#### The data
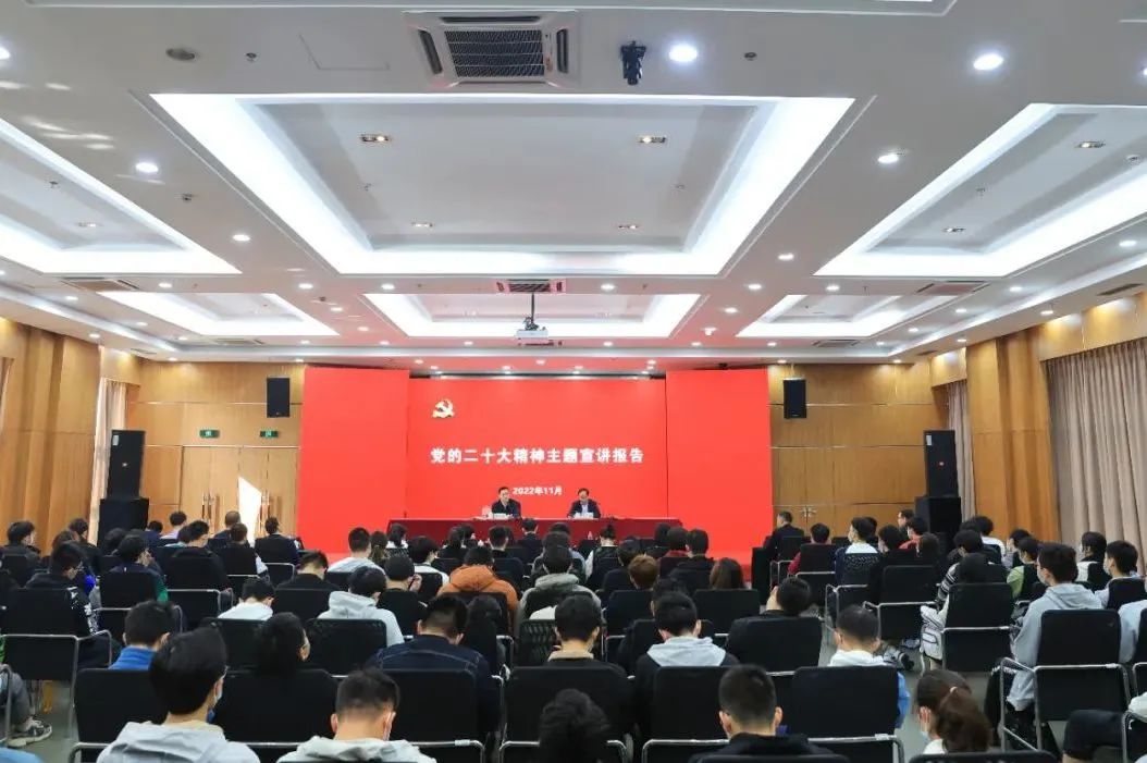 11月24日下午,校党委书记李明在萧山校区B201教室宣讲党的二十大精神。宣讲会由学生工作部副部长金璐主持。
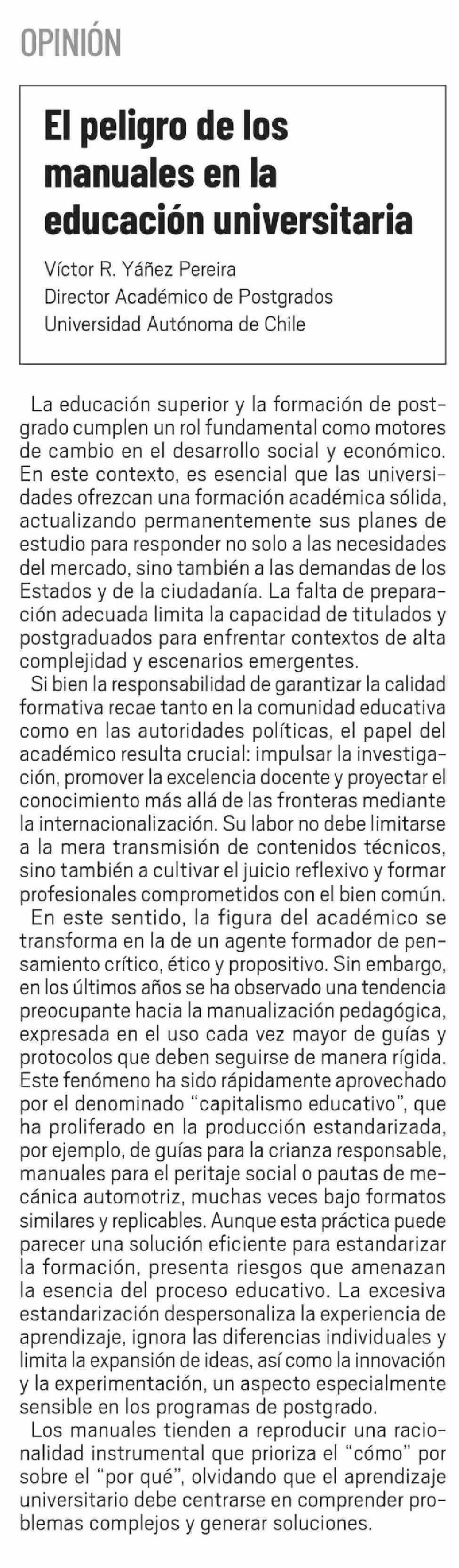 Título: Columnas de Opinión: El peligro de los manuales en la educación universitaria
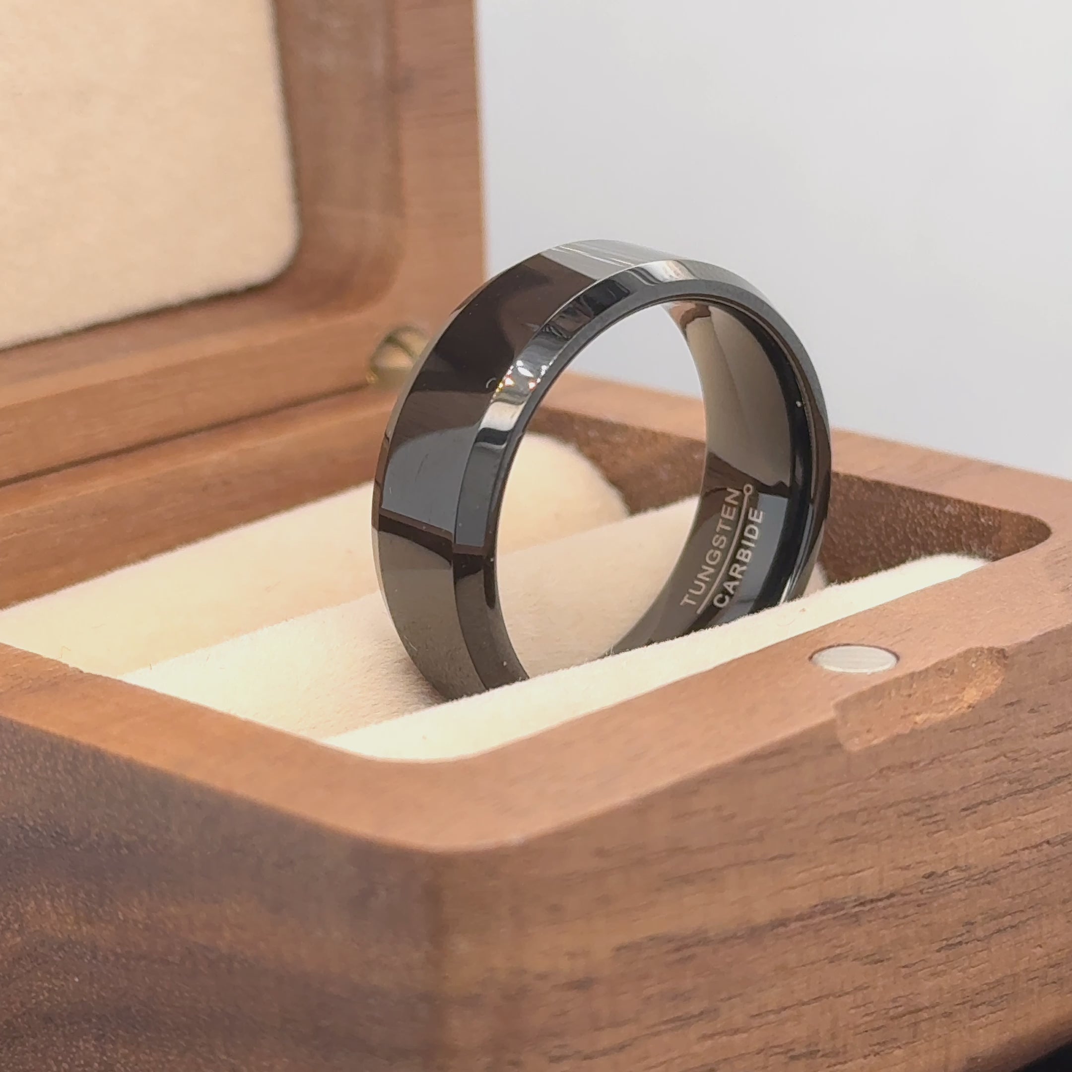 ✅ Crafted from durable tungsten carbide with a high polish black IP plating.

#### Problem statement
Print the material in full and exactly, minus the pictures.

#### Expected answer
 11月24日下午,校党委书记李明在萧山校区B201教室宣讲党的二十大精神。宣讲会由学生工作部副部长金璐主持。
 Título: Columnas de Opinión: El peligro de los manuales en la educación universitaria
 ✅ Crafted from durable tungsten carbide with a high polish black IP plating.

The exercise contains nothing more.